SYS-CON MEDIA Authors: Pat Romanski, Liz McMillan, Yeshim Deniz, Elizabeth White, Courtney Abud

Article

MongoDB Write Concern: 3 Must-Know Caveats

In this post, we discuss 3 gotchas when using MongoDB write concern.

'Write concern' in MongoDB describes the level of write acknowledgment you can expect from it. It's a rather important setting to remember in your write operations and its behavior is useful to understand, especially in distributed MongoDB deployments (i.e. replica sets and sharded clusters). In this post, we discuss 3 gotchas when using MongoDB write concern.

MongoDB Write Concern

MongoDB's documentation defines write concern as "the level of acknowledgment requested from MongoDB for write operations to a standalone mongod or to replica sets or to sharded clusters."

Simply put, a write concern is an indication of 'durability' passed along with write operations to MongoDB. To clarify, let us look at the syntax:

{ w: <value>, j: <boolean>, wtimeout: <number> }
Where*,
 w can be an integer | "majority" | , it represents the number of members that must acknowledge the write. Default value is 1.
 j Requests that a write be acknowledged after it is written to the on-disk journal as opposed to just the system memory. Unspecified by default.
wtimeout specifies timeout for the applying the write concern. Unspecified by default.

* You can find the detailed syntax in the Write Concern Specification documentation.

* Learn more about the different "tags" you can use for common write concern values in our Understanding Durability & Write Safety in MongoDB blog.

Example:

db.inventory.insert(
    { sku: "abcdxyz", qty : 100, category: "Clothing" },
    { writeConcern: { w: 2, j: true, wtimeout: 5000 } }
)

The above insert's write concern can be read as follows:  acknowledge this write when 'at least 2 members of the replica set have written it to their journals within 5000 msecs or return an error'. A write concern value for option was majority, meaning "requests acknowledgment that write operations have propagated to the majority of voting nodes, including the primary."

The importance of write concern is apparent. Increasing values of w increases the latency of writes while also decreasing their probability of getting lost. Choosing the correct values for write concern depends on the latency and durability requirements of writes being performed.

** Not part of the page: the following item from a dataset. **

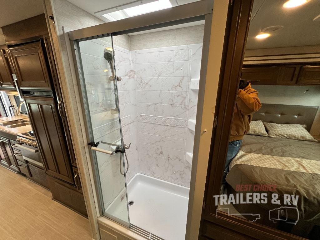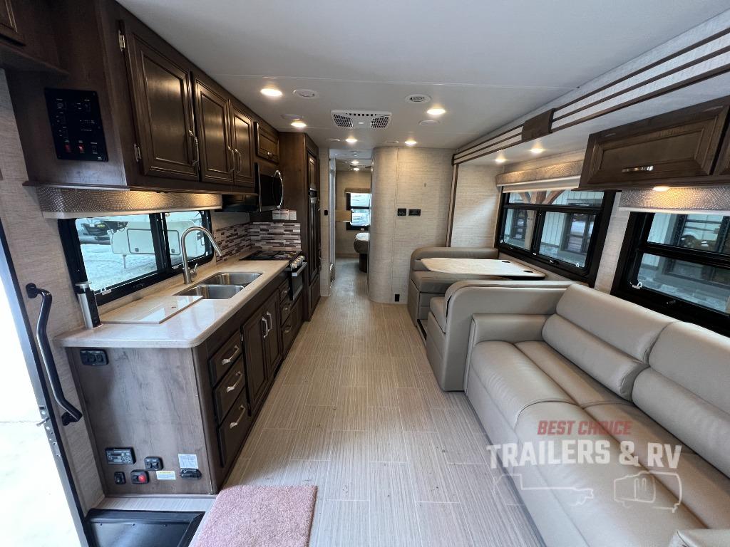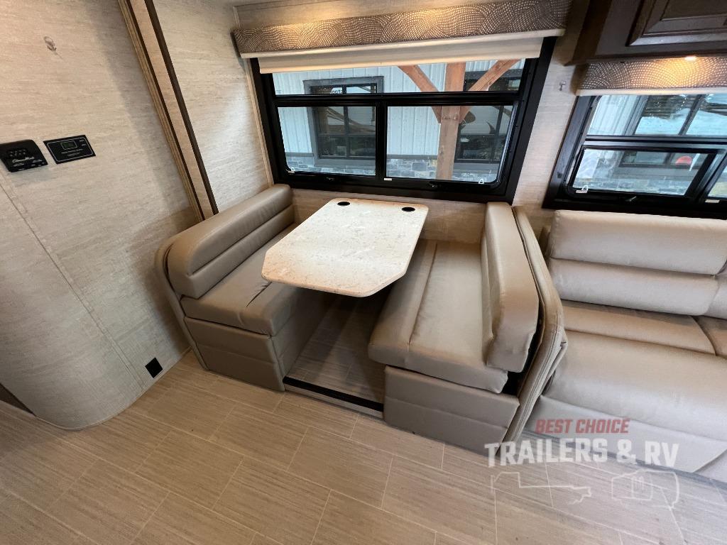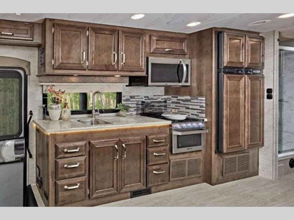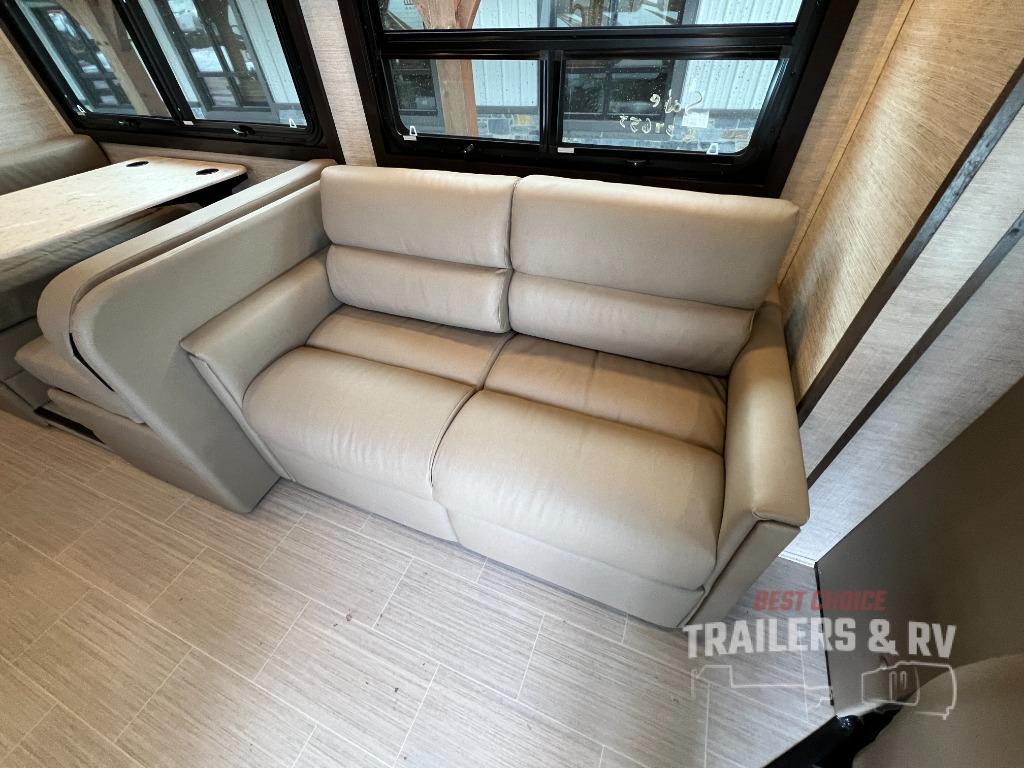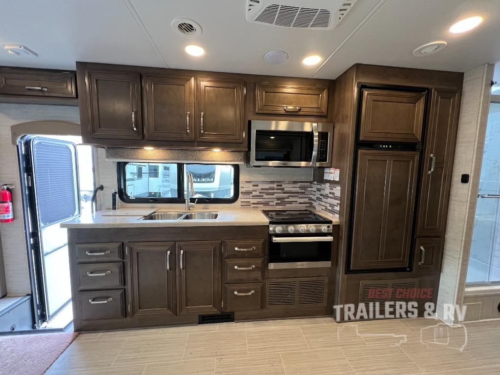 Entegra Coach Esteem Class C gas motorhome is equipped with E-Z Drive Elite offering a powerful blend of precise handling and renowned stability. The chassis also provides automatic hydraulic leveling jacks for easy setup, a tire pressure monitoring system for safety on the road, and a 7,500 lb. hitch for towing. The fully custom-molded ABS surround in the cab-over area with overhead bunk, the panoramic window for scenic views and the power shade when you have enough lighting, are all impressive features you will enjoy. The interior offers a 7-foot ceiling height, hardwood cabinet doors and drawers with ball-bearing drawer guides, blackout night roller shades, residential kitchen amenities, and much more! Get out and roam in your favorite Esteem today!

With that as the background on what a write concern is, let's move on to the three caveats to remember when using write concern.

CAVEAT 1: Setting write concern on replica sets without a wtimeout can cause writes to block indefinitely

The majority definition (applicable MongoDB 3.0 onwards) above states that acknowledgment is requested from a majority of the "voting nodes". Note that "If you do not specify the wtimeout option and the level of write concern is unachievable, the write operation will block indefinitely. "

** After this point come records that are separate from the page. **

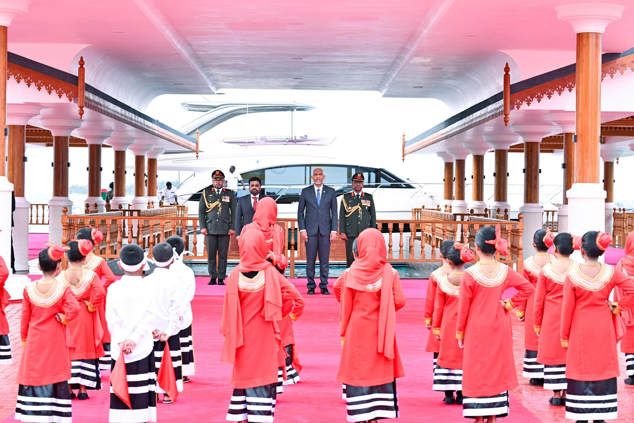 ރައީސުލްޖުމްހޫރިއްޔާ ޑރ. މުޙައްމަދު މުޢިއްޒުގެ ދަޢުވަތަކަށް އަވަށްޓެރި ސްރީލަންކާގެ ރައީސް އަނުރަ ކުމާރަ ދިސާނަޔަކަ ރާއްޖެއަށް ކުރައްވާ ފުރަމާނަ ދަތުރުފުޅުގައި މިއަދު ހަވީރު މާލެއަށް ވަޑައިގެންނެވުމުން ރަސްމީކޮށް މަރުޙަބާ ދަންނަވައިފިއެވެ.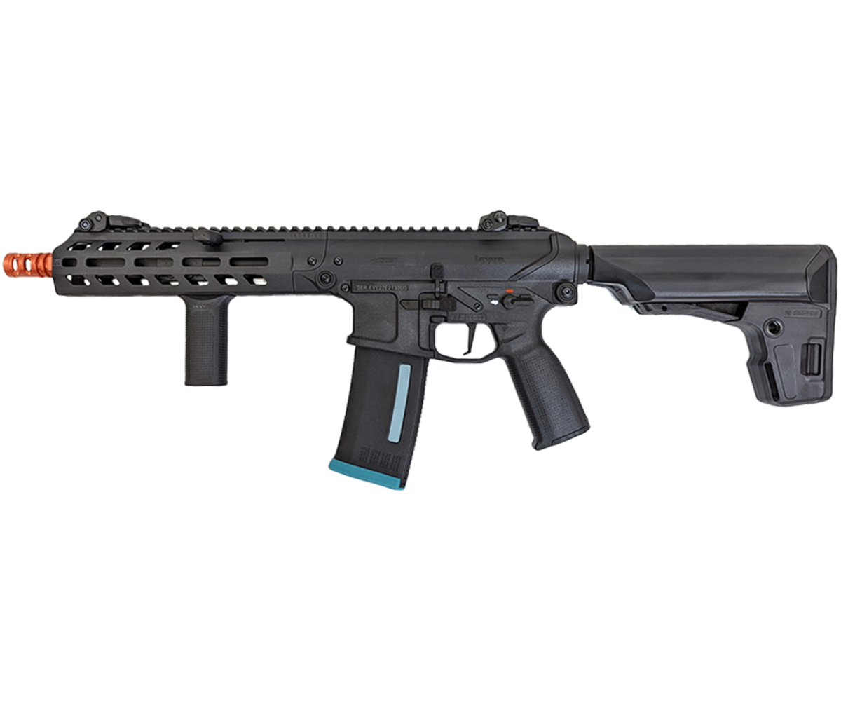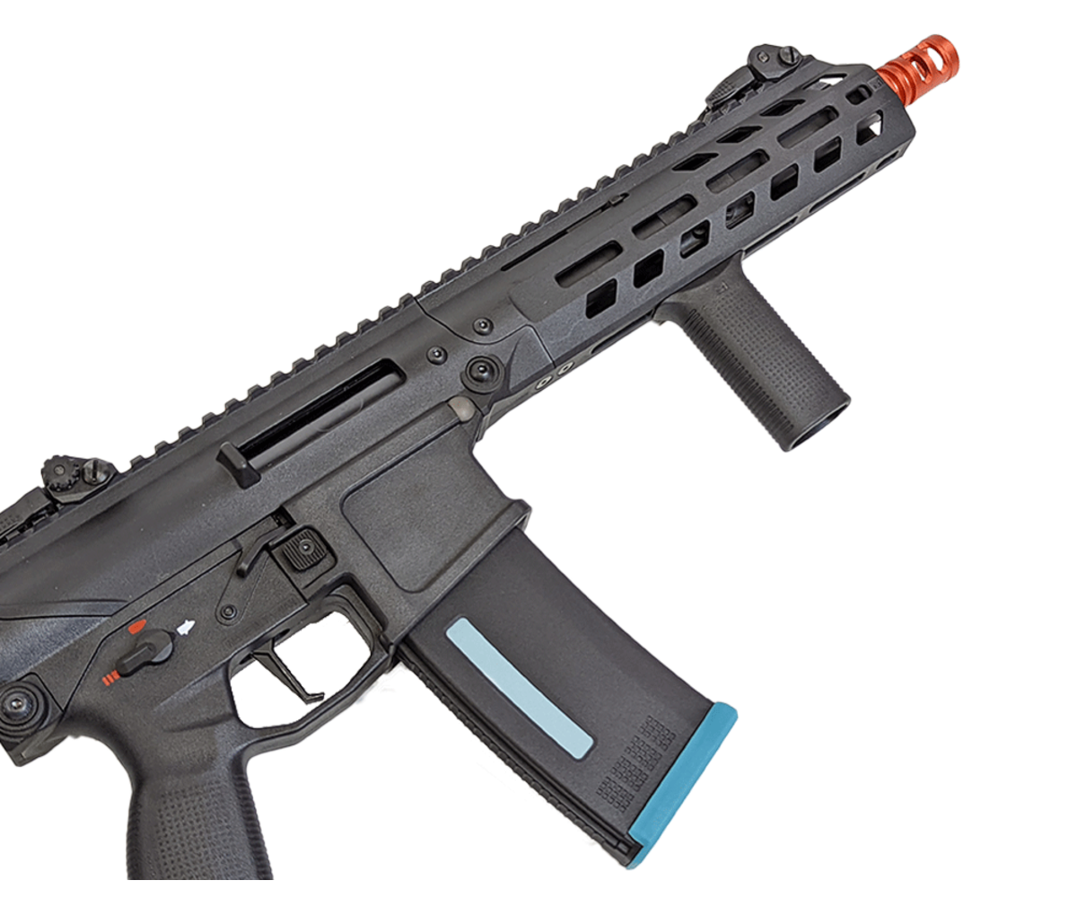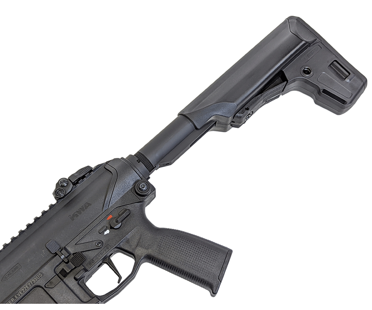 The side charging handle allows for convenient hop up adjustment and the integrated pistol grip is optimized for maximum ergonomics. The KO:EVE-9 comes with KO’s new slim line vertical grip and maintains a sleek look with the PTS stock. PTS Enhance Polymer Sights, two port muzzle brake, ambi fire controls, and optional quick detach sockets front and rear round out the external package. Internally, the KO:EVE-9 shares the same 2.5+ VPS gearbox as the TK.45c, Ronin T6, QRF Mod Series, and Ronin 47. Install your favorite aftermarket electronic trigger group, and you have an ultra-responsive and lightweight polymer AEG with legendary KWA performance.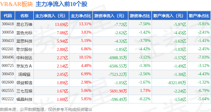 从资金流向上来看,当日VR&AR板块主力资金净流出13.31亿元,游资资金净流出17.44亿元,散户资金净流入30.75亿元。VR&AR板块个股资金流向见下表: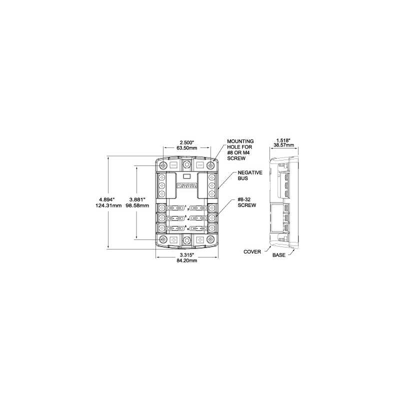 Pannello porta fusibili ST Blade in policarbonato rinforzato, per fusibili ATO/ATC. Barre e contatti in rame argentato. Barra di distribuzione polo negativo inclusa. Copertura isolata. Rif. originale 5025

This can have unexpected consequences, for example, consider a 2+1 replica set (i.e. a primary, a secondary and an arbiter). If your sole read replica goes down, then all writes with a write concern w option of "majority" will block indefinitely.  The same will happen if the w option is set to 2. Another extreme example is in the case of a 3+2 replica set (primary, 2 secondaries and 2 arbiters, not a recommended configuration). All "majority" writes will block even if a single data node is unavailable as the majority number, in this case, is 3.

The simplest way to alleviate this issue is to always specify a wtimeout value so the query can timeout if the write concern can't be enforced. However, in case of such timeout errors, MongoDB doesn't undo already successful writes made to some of the members before the timeout occurred.

There is also currently no setting to ensure a write reaches the majority of nodes that are currently reachable, so be careful about setting the value of write concern w based on the topology, desired durability, and availability.

CAVEAT 2: You might lose data even with w: majority

It seems intuitive that once a write has been acknowledged by the majority of voting members, its durability is guaranteed. However, that isn't the case! Remember that when the j option is unspecified, a write is acknowledged right after it has been written to memory.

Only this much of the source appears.